İkinci bin yılın başlarında Orta Asya’dan Ortadoğu’ya inen Selçuklularla birlikte dünya tarihinde önemli bir dönüşümün de yaşandığı açıktır. Ortadoğu ve İslâm Tarihi profesörü A.C.S. Peacock, 11. ve 12. yüzyıllarda hüküm süren Büyük Selçuklu İmparatorluğu’nun demografik yapısının ve veraset sisteminin yanısıra sadece İslâm’la değil, diğer dinlerle olan ilişkisini de ve tebaasındaki gayrimüslimlere yaklaşımını, izlediği toplumsal ve politik yolu ve benimsediği bozkır geleneğini ortaya çıkarmaya çalışıyor.
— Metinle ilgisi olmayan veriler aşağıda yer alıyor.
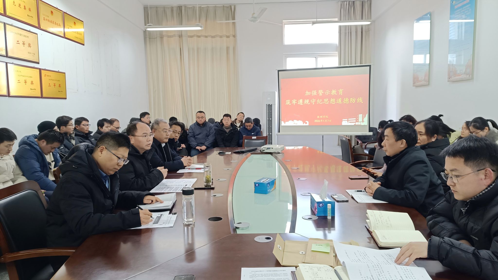 2026年1月7日下午,数理学院在博学楼B512会议室召开警示教育学习会,会议由学院党总支书记魏伟华主持,全体教职工参加。
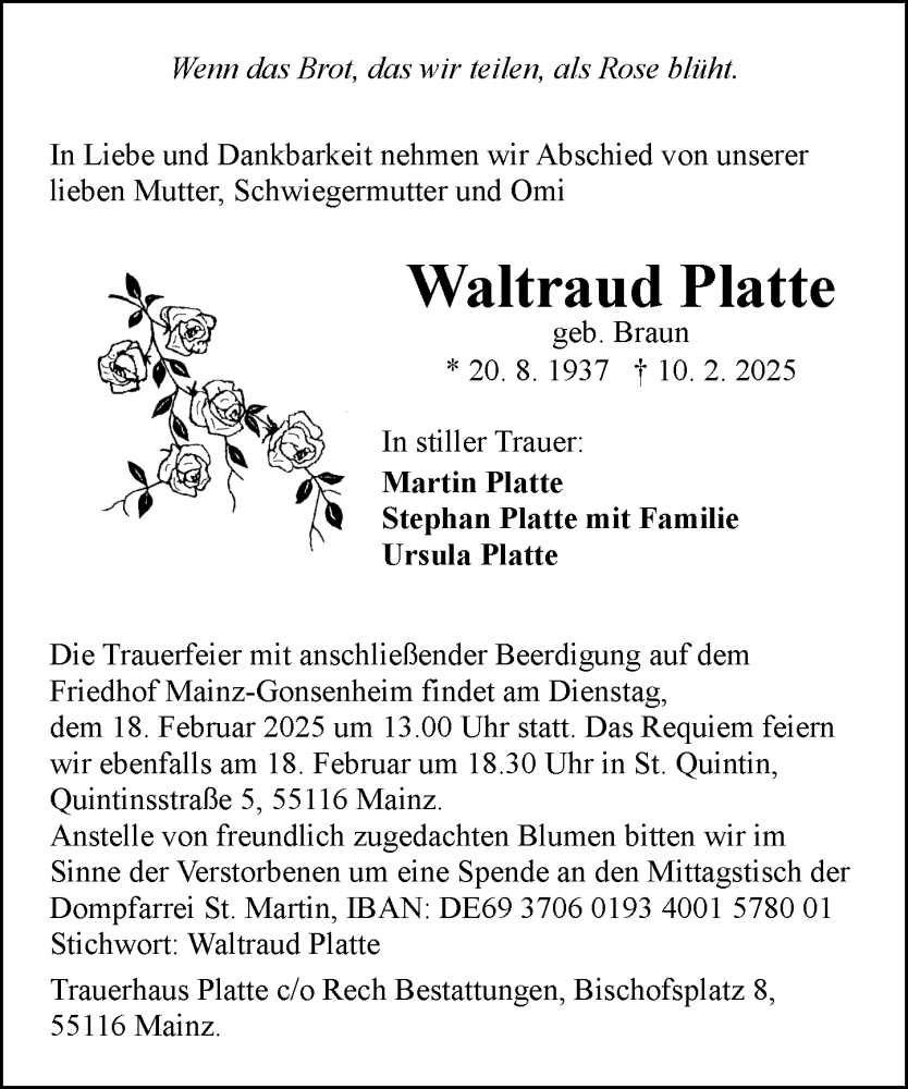 Hier finden Sie alle Traueranzeigen aus der Zeitung, die bisher für Waltraud Platte erschienen sind. Weitere Traueranzeigen, die in der Zeitung erscheinen, werden hier ebenfalls aufgelistet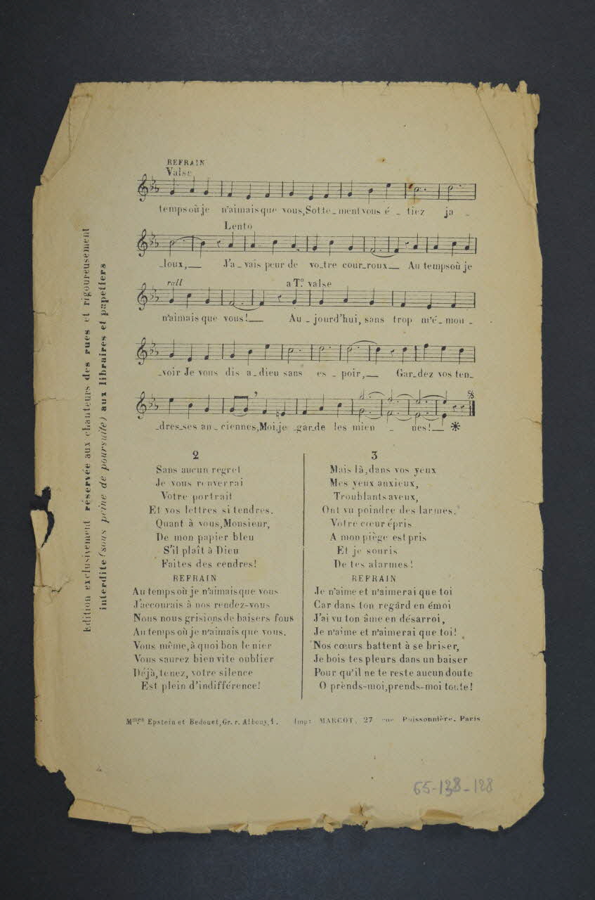 Feuillet rectangulaire en papier industriel imprimé. Le feuillet contient la partition et les paroles de la chanson. Au dos, publicité pour l'éditeur.Matériaux et techniques
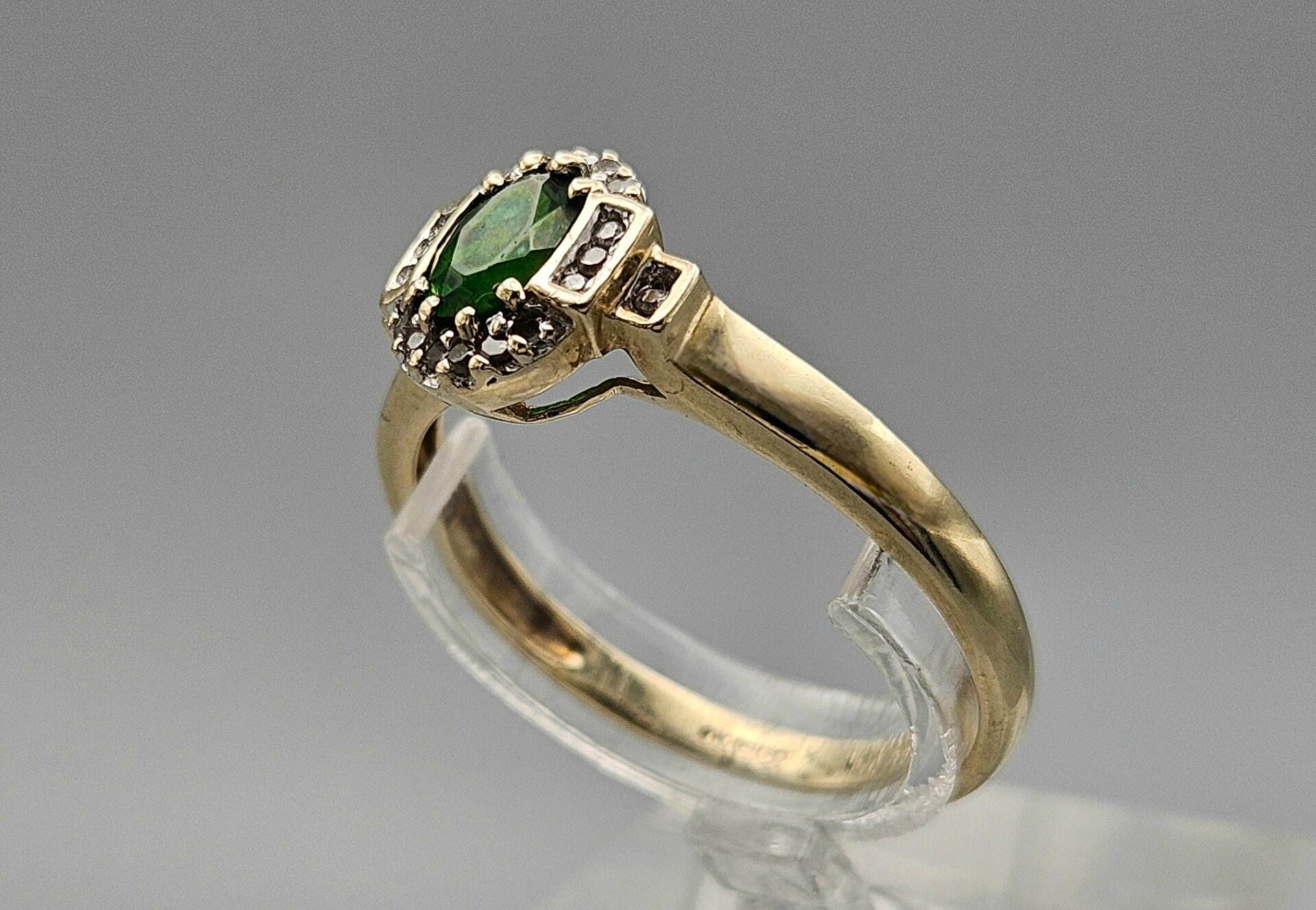 Droom weg met deze prachtige vintage ring! De schoonheid van deze ring is moeilijk onder woorden te brengen. Hij is gemaakt van 9 karaat en is gezet met diamanten en een edelsteen smaragd.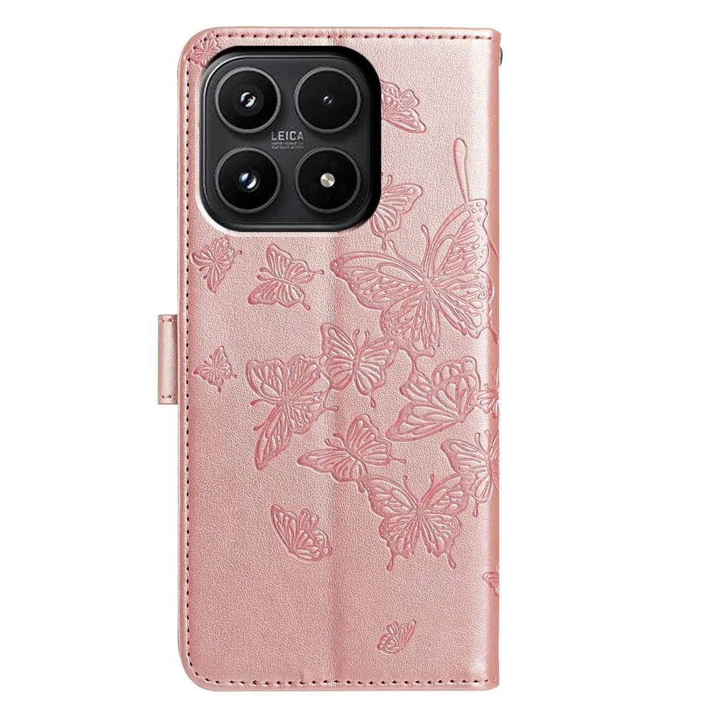 Rózsaszín és arany pénztárca tok Virágos pillangó Xiaomi 17 számára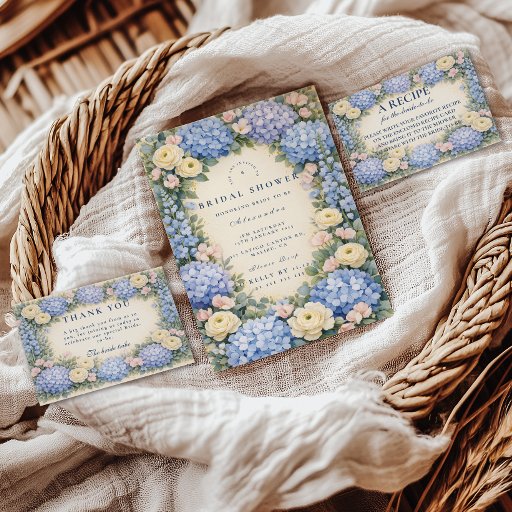 Un design de baby shower romantique inspiré des jardins, mettant en vedette de luxuriantes hortensias bleues poussiéreuses associées à des roses ivoire douces et à de délicates fleurs de prairie. Les florales encadrent la composition dans une élégante disposition symétrique avec des détails classiques subtils, créant une esthétique raffinée et intemporelle. Le fond de parchemin chaud rehausse la douceur de la palette bleue tout en conservant une atmosphère élégante et raffinée. Parfait pour une célébration sophistiquée avec une fraîche élégance de jardin.

Selçukluların, bir “devlet” olarak göçebelere yönelik politikasını, onlarla karşılıklı ilişkilerini, imparatorluğun komşu devletleri nasıl etkilediğini ve bürokratik işleyişte sultanlarla halifeler, vezirler, fakihler arasındaki rekabeti ve çekişmeyi aktarıyor.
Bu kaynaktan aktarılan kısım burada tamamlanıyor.